Printing unit with air guides for optimized airflow

This application claims the benefit or priority to U.S. Provisional Patent Application Ser. No. 63/505,348 filed May 31, 2023, of the same title, the contents of which being incorporated herein by reference in its entirety.

This disclosure relates to a high-speed printing unit. It has been developed primarily for optimizing print quality in a digital inkjet press.

Inkjet printers employing Memjet® pagewide technology are commercially available for a number of different printing applications, including desktop printers, digital inkjet presses and wideformat printers. Memjet® printers typically comprise one or more stationary inkjet printheads having a length of at least 200 mm, which are user-replaceable. For example, a desktop label printer comprises a single user-replaceable full color printhead, a high-speed inkjet press comprises a plurality of user-replaceable monochrome printheads aligned along a media feed direction, and a wideformat printer comprises a plurality of user-replaceable printheads in a staggered overlapping arrangement so as to span across a wideformat media feed path.

Analogue printing presses are conventionally used for relatively long print runs where the cost of producing dedicated printing plates is economically feasible. Increasingly, industrial print systems use single-pass digital inkjet printing for relatively shorter print runs. Digital inkjet printing avoids the high set-up costs of producing printing plates and allows each print job to be tailored to a particular customer. Desirably, web feed systems for existing analogue print systems should be adaptable so as to enable ‘drop-in’ inkjet modules in place of, for example, offset printing stations.

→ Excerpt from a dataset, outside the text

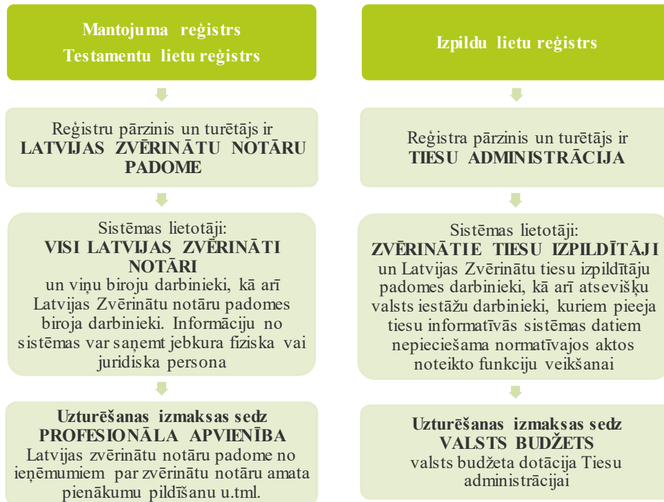
4.attēls Valsts informācijas sistēmu uzturēšanas un finansēšanas modeļu salīdzinājums 25 .

Valsts kontroles ieskatā valstiski nozīmīgu reģistru (Mantojumu reģistrs un Publisko testamentu reģistrs) uzturēšanas funkciju nodošana notāru profesionālai korporācijai, norāda uz nekoncekvenci valstij nozīmīgas informācijas glabāšanā un uzturēšanā 26 . Tā rezultātā ārkārtas situācijas laikā apstiprinājās risks sistēmas darbības nepārtrauktībai un valstij nozīmīgu datu pieejamībai, ko varēja radīt situācija, kad samazinoties notāru sniegto pakalpojumu apjomam un ieņēmumiem, pietrūka finansējums jauna servera iegādei.

Memjet® printing technology, which uses rows of print chips butted end-on-end to construct a pagewide printhead, is highly suited for reducing the overall span of the print zone along a media feed direction. Each print chip has either four or five active nozzle rows, which may be used for redundant printing.

U.S. Pat. No. 10,857,821 (the contents of which are incorporated herein by reference in its entirety) describes a printing system having a configurable array of print modules, each print module having a respective monochrome printhead configured for single-pass printing. For example, four print modules may be arranged along a media path for full-color (CMYK) printing with 5× redundancy in each color plane. While the system described in U.S. Pat. No. 10,857,821 provides OEMs with flexibility in the design of inkjet presses, as well as high-quality and high-speed printing using 5× redundancy, the print modules must be aligned and spaced along the media feed path for full-color printing. This places demands on media feed systems, which are required to align all colors and, consequently, there are relatively high set-up costs for OEMs. Nevertheless, those costs are still significantly less than alternative pagewide printing systems that use overlapping print chips or very large print chips to achieve single-pass printing.

U.S. Pat. No. 10,293,609 (the contents of which are incorporated herein by reference in its entirety) describes a full-color pagewide printhead having two rows of butting print chips receiving ink from a common manifold. The printhead has 2× redundancy for each ink color provided by four active nozzle rows in each row of print chips.

U.S. patent application Ser. No. 18/309,412 filed Apr. 28, 2023 (the contents of which are incorporated herein by reference in it entirety) describes a printing unit with a cantilevered aerosol extractor.

U.S. Pat. Publication No. 2022/0324239 (the contents of which are incorporated herein by reference in its entirety) describes a printing unit with overlapping upstream and downstream printheads and an aerosol extractor.

It would be desirable to provide a low-cost printing unit having optimized aerosol extraction and airflow through the print zone(s), thereby optimizing print quality.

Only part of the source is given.